I started to squeeze myself between the crates, seeking a better place to hide. With twenty people on the deck, I wasn't going to get too close unobserved.

... What was going on? What were they going to do to the guy?

"So don't play the idiot, Masden. Why were thugs looking for you on Titan? And why did your buddy almost brain our captain and try to kill us all?"

"What are you up to, doctor?" Niklas' voice added. "Please. Tell us everything you can. I don't want this to get nasty."

"I fucking do." Dorian now. I was used to hearing him pissed off, at least. "But tell us anyway."

I felt sick. I just wanted it all to be over.

"I cannot tell you, please, I really can't," Masden murmured. "But I cleared absolutely every detail and risk with your captain. I swear!"

"The guy your companion tried to batter to death?" Dane whistled sarcastically. "Not helping your case."

"I told your chief engineer as well!"

"You mean that other guy that can't corroborate you? Not helping your case."

"Please. You don't understand. You're all safer if you don't know what my purpose is. Your captain and chief engineer understood that." I heard a grumble of discontent. "Wait, please. I have no idea why Weiss did what he did. It had nothing whatsoever to do with me. Nothing."

"I don't buy that. You've already risked our lives and you're trying to tell us that we're fucking safer not knowing?"

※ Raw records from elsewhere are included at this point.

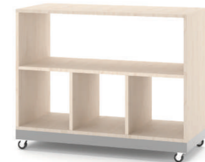
Armário Escaninho Móvel L x A x P 90 x 74 x 45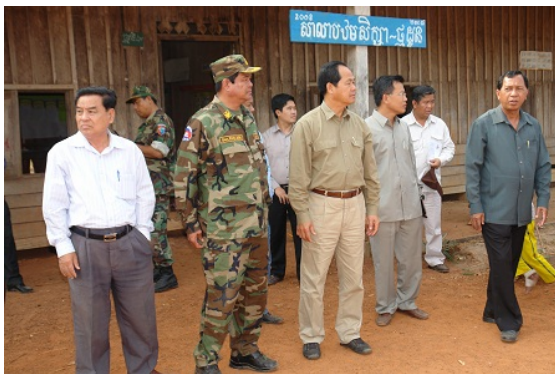
ภาพที่ 3-26 โรงเรียนประถมศึกษาทมอดิน จังหวัดอุดรรัมย์

เมื่อวันที่ 30 มกราคม พ.ศ.2556 นายเจีย โชะพารา รว.กระทรวงพัฒนาชนบท ในฐานะประธานคณะกรรมการร่วมระหว่างกระทรวงเพื่อดำเนินโครงการพัฒนาตามแนวชายแดน ด้านภาคตะวันตกและภาคเหนือของกัมพูชา เป็นประธานการประชุมสรุปผลการปฏิบัติงานประจำปี ที่อำเภอจอมกระสาน จังหวัดพระวิหาร และได้มอบแนวทางสำหรับการปฏิบัติงานใน 2 ประเด็น คือ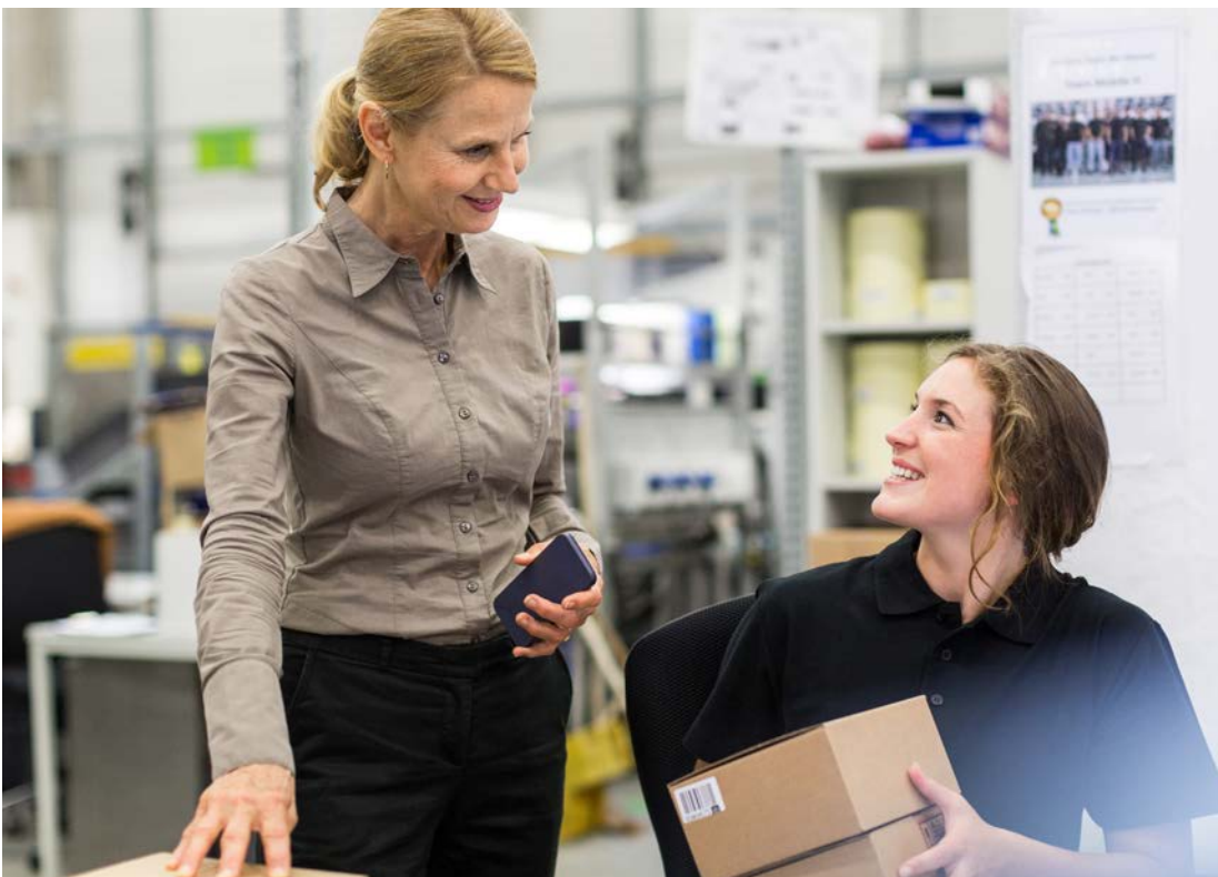
Abb. 3 Der Besuch der Praktikumsleitung im Praktikumsbetrieb

Hilfestellungen sowie ein Verweis zu Lehrmaterialien für die unterrichtliche Vorbereitung werden in Anlage 7 aufgeführt. Ziel der Vorbereitung ist es, die Schülerinnen und Schüler in die Lage zu versetzen, kritische Situationen zu erkennen und sich mit Fragen an ihre Ansprechperson im Betrieb zu wenden. Sie sollen verstehen, dass sie in unbekanntem Situationen besser nachfragen, bevor sie eigenmächtig handeln und dadurch ggf. einen Unfall erleiden (siehe auch Anlage 7 „Unterrichtliche Vorbereitung“). Die unterrichtliche Vorbereitung dient auch der Unterweisung der Schülerinnen und Schüler und muss dokumentiert werden. Dies ist z. B. durch einen Eintrag ins Klassenbuch oder Kursbuch möglich. Alternativ kann ein gesondertes Unterweisungsformular genutzt werden, auf dem sowohl die unterweisende Person als auch die Schülerinnen und Schüler unterschreiben und die Unterweisung zu den behandelten Themen bestätigen (siehe auch Anlage 8 „Dokumentation allgemeine Unterweisung“).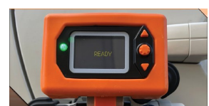
SIMPLE DE CONFIGURAR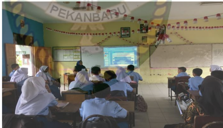
Gambar 8: Kegiatan Menanya Pertemuan Kedua

Setelah mengamati video di atas guru memberi kesempatan kepada peserta didik untuk bertanya mengenai apa yang sudah diamati, disimak, dibaca dan dilihat. Kondisi yang terjadi pada saat proses belajar mengajar berlangsung pada kegiatan menanya memang masih belum seperti yang diharapkan, karena siswa masih belum terbiasa aktif, dan sebagian siswa masih takut dan malu-malu untuk bertanya. Namun, guru selalu memberikan pancingan pertanyaan yang diharapkan mampu membuat siswa mulai berani untuk bertanya. Sehingga kegiatan menanya dapat perlahan membaik dan sesuai dengan yang dituntut dalam kurikulum 2013 ini. Kemudian itu guru mengajukan pertanyaan kepada peserta didik terkait tentang sejarah tari kuala deli yaitu: berasal dari mana tarian itu, jumlah penari, busana apa yang digunakan, musik apa yang digunakan, dan ragam gerak apa saja yang terdapat pada tarian itu.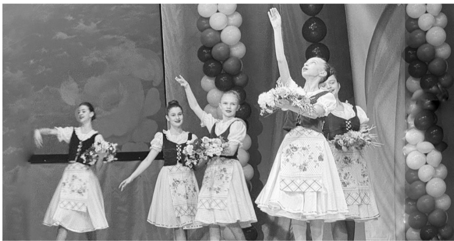
Танец «Вьюн» в исполнении ансамбля танца «Потешки»

Под таким названием в районном Доме культуры «Радуга» состоялся праздничный концерт.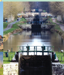
10 11 écluses, Hédé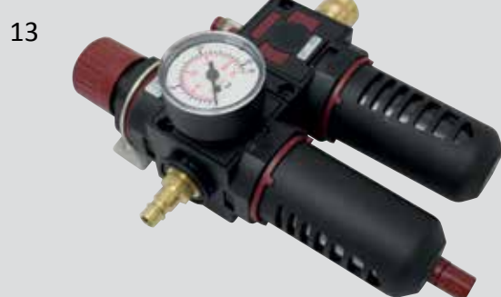
Wartungseinheit 2teilig G3/8 mit Kunststoffschutzkorb, Befestigungswinkel, Stecknippel G3/8, Schnellschlusskupplung und 1L Luftmotorenoel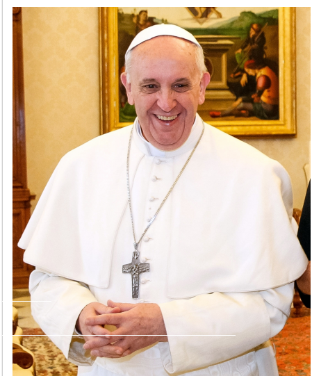
هم‌اکنون پاپ فرانسیس ۲۶۶مین پاپ کلیسای کاتولیک و عالی‌مقام‌ترین رهبر کلیسای کاتولیک محسوب می‌شود.

کلیسای کاتولیک روم یا کلیسای کاتولیک رومی یا کلیسای کاتولیک یکی از سه شاخه اصلی مسیحیت است. کلیسای کاتولیک با بیش از یک میلیارد نفر پیرو بزرگ‌ترین شاخه از کلیسای مسیحی شناخته می‌شود. کلیسای کاتولیک اهداف خود را بر «گسترش انجیل عیسی مسیح، مدیریت کلیسا از طریق حاکمیت دینی و اعمال خیریه» تعریف می‌کند. [1] کلیسای کاتولیک هم‌چنین برنامه‌های اجتماعی و موسسات خیریه مسیحی را نیز اداره می‌کند، از جمله مدارس، دانشگاه‌ها، بیمارستان‌ها، پناهگاه‌ها و صومعه‌ها که به تبلیغ مسیحیت و کلیسای کاتولیک می‌پردازند و هم‌چنین به افراد نیازمند، خدمات رفاهی می‌رسانند [2] هم‌اکنون دولت‌شهر واتیکان در درون شهر رم در کشور ایتالیا جای دارد.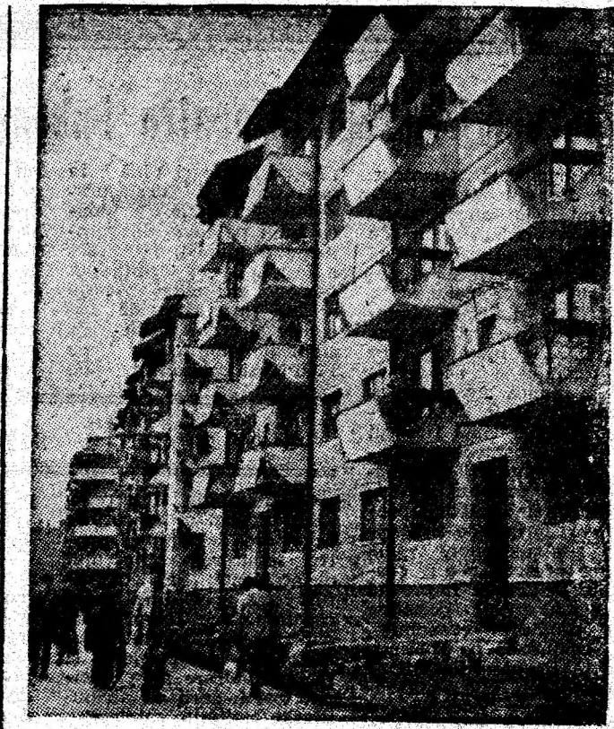
Verticale moderne în Petrolu.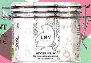
RÉCONFORTANT Thé Winter in Love, Lov Organic, 14,90 €.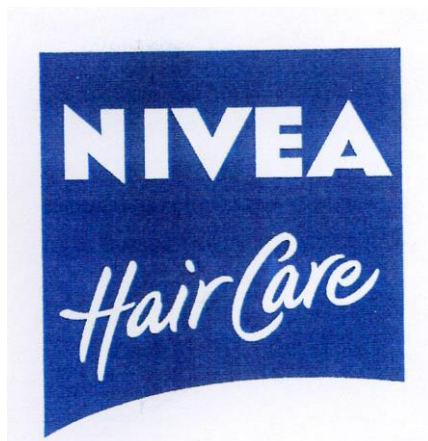
Рис. 5. Изображение внешнего вида товарного знака- № 724509

но более крупными буквами по сравнению со словами Hair Care , выполненными более мелким шрифтом, оригинального начертания букв Hair Care ; слово NIVEA расположено по центру над словами Hair Care . Словесный элемент «NIVEA Hair Care » выполнен в белом цвете на фоне синего цвета и является в целом доминирующим по отношению к изобразительному элементу: словесный элемент «NIVEA Hair Care » легче запоминается, чем изобразительный, на нем аккумулируется внимание реципиента при зрительном восприятии обозначения, в том числе благодаря контрасту белого и синего цветов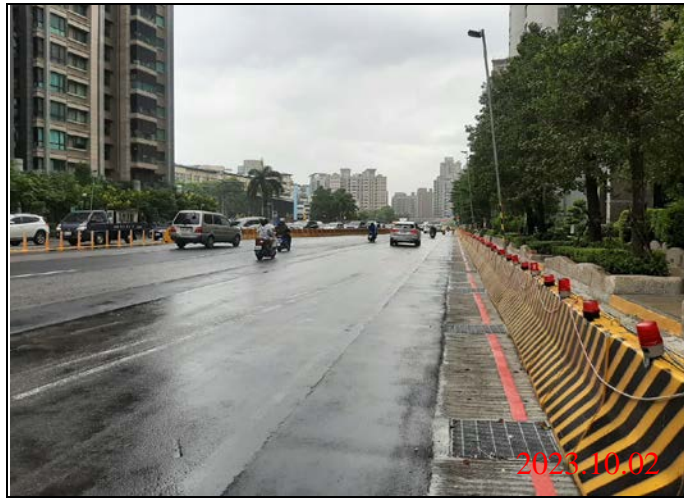
巡查日期地點：112.10.02 Y23車站 照片說明：路面狀況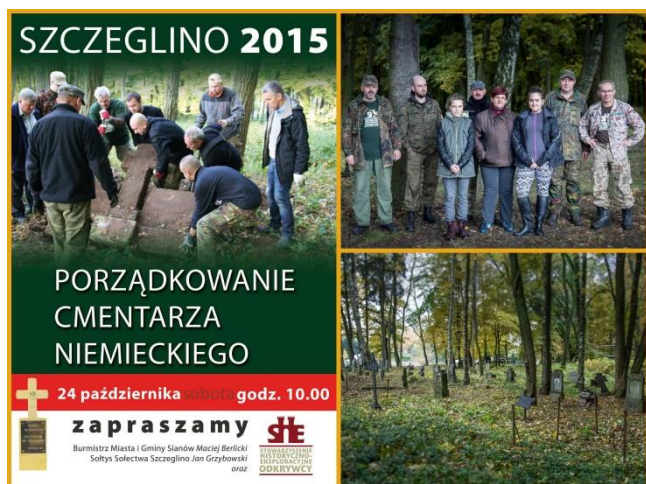
Stowarzyszenie w szlachetnej akcji a z nimi burmistrz Sianowa

lu spotkaniach grup rekonstrukcji historycznej praktycznie w całym kraju. Szyją własne stroje historyczne, kolekcjonują historyczny sprzęt.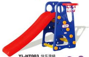
YL-HT003 快乐滑梯 Size: 161x83x103cm 定价: 1880元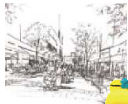
できあがりを楽しみだ~!

「柏駅周辺まちづくり10カ年計画」において、広がりを持った魅力と多様性のある市街地の形成と歩行者優先のまちづくりを推進し、通りごとに特徴を持った居心地の良い空間の検討をしています。通りに関わる方と、将来像についてワークショップを行っています。

Niklas tutted aloud. "Fucking hell. Look, we've been drifting out here for long enough. I have to get up top with Yuki and get us somewhere we can help Jin. We'll deal with this later, when everyone's safe."

"Right." Dane growled. "We've got supplies to deliver anyway. It looks like you're at least getting that far, Doctor."

"Thank you."

Dane ignored him. "Where are we heading, Nik? What hab?"

"Where the captain told us to go. We still have a job waiting for us there. Apparently." He paused. "We're gonna hit orbit in a few hours, then drop to Samarkand."

My chest tightened. I felt my ears droop like wilting bamboo.

"Shit. I'll have to take Mika to get checked up too."

"On that snowball, Samarkand is our best bet. Yuki and I have to go over a pork-chop, see what delta we can save after all this shit."

Dorian swore again. "Amani, Hayes, keep our Terran friend company."

"Nothing drastic, guys. Keep him from doing anything suspicious, we'll get answers when Chief or Jin can talk." Niklas's voice drifted closer. "Dane, come up on the bridge; see if we can figure out what that asshole was doing at Jin's station. He had a PDC too."

I pulled myself closer to the crate. My uneasy feeling suddenly a lot worse.

So I was going home.

... The one place I never wanted to see again.